В двух мирах протекает беседа родного с родным, а явное с неявным, зримое с незримым, звук с непрозвучавшим играют в странную игру, в сакральные прятки. Если долго вглядываться в черно-белый узор, начинается игра: то белый цвет становится как бы выпуклым на фоне черного, то черный приобретает над белым главенство. Так антиномии Канта превращаются в черно-белые клавиши мироздания, и звучат уже не звуки, а сами клавиши.

Но, скажете, при чем же здесь тогда рыба-линь? С какой стати она тут взялась? Рыба-линь обозначает пространство в песне, причем, не все пространство в целом, а его половину. Пространство здесь снова разломано надвое, в одном мире - скворчонок, в другом - рыба-линь, так что вода преломляется в воздухе, а воздух - в воде, и в миг преломления вновь перед глазами играет тот метафизический стеклянный мост, о котором уже говорилось. Здесь он стал тонкой, узкой гранью между двумя мирами. Замечательно также, что тут вообще снимается оппозиция " верх - низ " , или, в более узком смысле, " небо - земля " , достаточно скромного " воздух - вода " , и такая скромность настолько архаична, насколько она, может быть, и актуальней затасканных околохристианской эзотерикой понятий.

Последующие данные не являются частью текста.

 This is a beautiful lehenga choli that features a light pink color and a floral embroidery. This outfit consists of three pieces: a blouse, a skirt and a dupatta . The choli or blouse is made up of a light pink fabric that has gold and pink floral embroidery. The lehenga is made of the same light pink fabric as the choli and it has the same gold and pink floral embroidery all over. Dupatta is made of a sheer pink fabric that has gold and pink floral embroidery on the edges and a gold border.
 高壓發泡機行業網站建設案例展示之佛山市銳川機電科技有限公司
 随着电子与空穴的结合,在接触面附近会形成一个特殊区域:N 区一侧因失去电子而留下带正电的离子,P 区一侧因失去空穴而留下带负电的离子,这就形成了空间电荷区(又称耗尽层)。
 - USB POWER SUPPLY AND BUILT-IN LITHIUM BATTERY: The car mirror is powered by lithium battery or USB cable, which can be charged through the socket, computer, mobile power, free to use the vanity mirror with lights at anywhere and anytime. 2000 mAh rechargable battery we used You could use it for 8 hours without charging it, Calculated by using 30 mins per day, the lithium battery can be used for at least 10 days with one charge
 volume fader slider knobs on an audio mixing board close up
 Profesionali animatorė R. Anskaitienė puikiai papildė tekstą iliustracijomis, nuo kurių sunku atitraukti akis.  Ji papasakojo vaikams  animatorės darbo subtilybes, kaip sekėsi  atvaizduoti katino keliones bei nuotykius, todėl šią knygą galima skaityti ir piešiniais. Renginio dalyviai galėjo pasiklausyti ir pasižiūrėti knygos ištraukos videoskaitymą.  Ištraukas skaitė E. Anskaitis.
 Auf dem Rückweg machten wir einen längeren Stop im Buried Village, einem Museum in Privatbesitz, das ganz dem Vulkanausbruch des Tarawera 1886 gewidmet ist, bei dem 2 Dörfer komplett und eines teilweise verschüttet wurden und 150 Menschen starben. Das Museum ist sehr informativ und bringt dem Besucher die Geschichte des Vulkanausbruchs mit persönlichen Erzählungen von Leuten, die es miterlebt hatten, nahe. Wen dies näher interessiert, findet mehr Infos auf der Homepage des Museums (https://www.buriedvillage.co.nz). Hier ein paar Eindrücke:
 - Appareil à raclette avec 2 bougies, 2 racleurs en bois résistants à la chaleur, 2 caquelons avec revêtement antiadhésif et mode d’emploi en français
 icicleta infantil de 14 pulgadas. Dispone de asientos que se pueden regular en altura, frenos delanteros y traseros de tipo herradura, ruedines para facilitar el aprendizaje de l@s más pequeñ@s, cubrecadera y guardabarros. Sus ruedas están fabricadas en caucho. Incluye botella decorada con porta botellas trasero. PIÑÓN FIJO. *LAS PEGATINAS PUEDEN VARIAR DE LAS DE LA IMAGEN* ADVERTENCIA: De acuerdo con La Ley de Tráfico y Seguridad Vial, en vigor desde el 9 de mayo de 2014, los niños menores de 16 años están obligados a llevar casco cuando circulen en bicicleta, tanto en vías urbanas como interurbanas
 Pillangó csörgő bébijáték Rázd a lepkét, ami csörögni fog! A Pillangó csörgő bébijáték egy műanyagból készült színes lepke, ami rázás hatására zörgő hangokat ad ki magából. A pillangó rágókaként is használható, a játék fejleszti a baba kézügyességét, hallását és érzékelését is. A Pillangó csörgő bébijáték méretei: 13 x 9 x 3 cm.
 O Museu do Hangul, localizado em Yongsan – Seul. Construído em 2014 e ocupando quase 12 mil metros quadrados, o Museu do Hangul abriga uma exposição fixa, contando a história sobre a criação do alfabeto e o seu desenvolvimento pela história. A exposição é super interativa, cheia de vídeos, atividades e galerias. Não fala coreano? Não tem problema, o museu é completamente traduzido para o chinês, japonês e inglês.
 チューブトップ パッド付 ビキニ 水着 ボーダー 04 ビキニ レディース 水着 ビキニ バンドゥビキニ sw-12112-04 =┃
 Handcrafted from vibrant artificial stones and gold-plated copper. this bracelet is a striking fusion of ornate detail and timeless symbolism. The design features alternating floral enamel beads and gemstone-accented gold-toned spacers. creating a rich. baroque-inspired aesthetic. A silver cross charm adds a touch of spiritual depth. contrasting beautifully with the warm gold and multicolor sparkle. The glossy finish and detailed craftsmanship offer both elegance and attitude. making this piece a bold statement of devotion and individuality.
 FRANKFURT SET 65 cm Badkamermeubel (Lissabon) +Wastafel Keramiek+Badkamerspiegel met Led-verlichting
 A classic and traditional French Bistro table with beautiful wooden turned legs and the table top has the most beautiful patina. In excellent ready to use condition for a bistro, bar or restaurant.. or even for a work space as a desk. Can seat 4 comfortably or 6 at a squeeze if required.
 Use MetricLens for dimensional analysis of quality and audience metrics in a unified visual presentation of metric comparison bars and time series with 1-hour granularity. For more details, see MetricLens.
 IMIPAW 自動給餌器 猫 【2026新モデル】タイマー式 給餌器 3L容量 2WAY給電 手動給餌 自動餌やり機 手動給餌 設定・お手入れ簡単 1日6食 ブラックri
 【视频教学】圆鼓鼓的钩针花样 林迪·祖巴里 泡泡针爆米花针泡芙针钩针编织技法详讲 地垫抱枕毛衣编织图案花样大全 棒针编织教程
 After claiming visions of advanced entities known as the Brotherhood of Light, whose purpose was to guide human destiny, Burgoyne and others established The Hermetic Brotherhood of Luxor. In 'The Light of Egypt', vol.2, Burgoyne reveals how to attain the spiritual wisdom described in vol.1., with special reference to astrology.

Вот еще один, казалось бы, очень странный текст. ХLIV: " Если выстирать всего раз мою белую рубаху, и то белеет она, как белый снег, когда ее повесишь. Очень далеко живут эти родные: свиданье с ними дороже всего на свете ".

Тут, кажется, и параллелизма никакого нет. Первая часть песни - об одном, вторая - совершенно о другом. Понимал ли древний аноним этой песни, ч т о он сказал, совершенно не имеет значения. Как не имеет значения и то обстоятельство, что гораздо позднее из непонимания старых смыслов, но на формальной старой основе родился такой продукт городского фольклора, как частушка - очень позднее явление, заранее отметающее все святое и вскармливающее абсурд бытия. Не забудем все же, что не стоит искать параллелей, исходя из привычных представлений о русском фольклоре.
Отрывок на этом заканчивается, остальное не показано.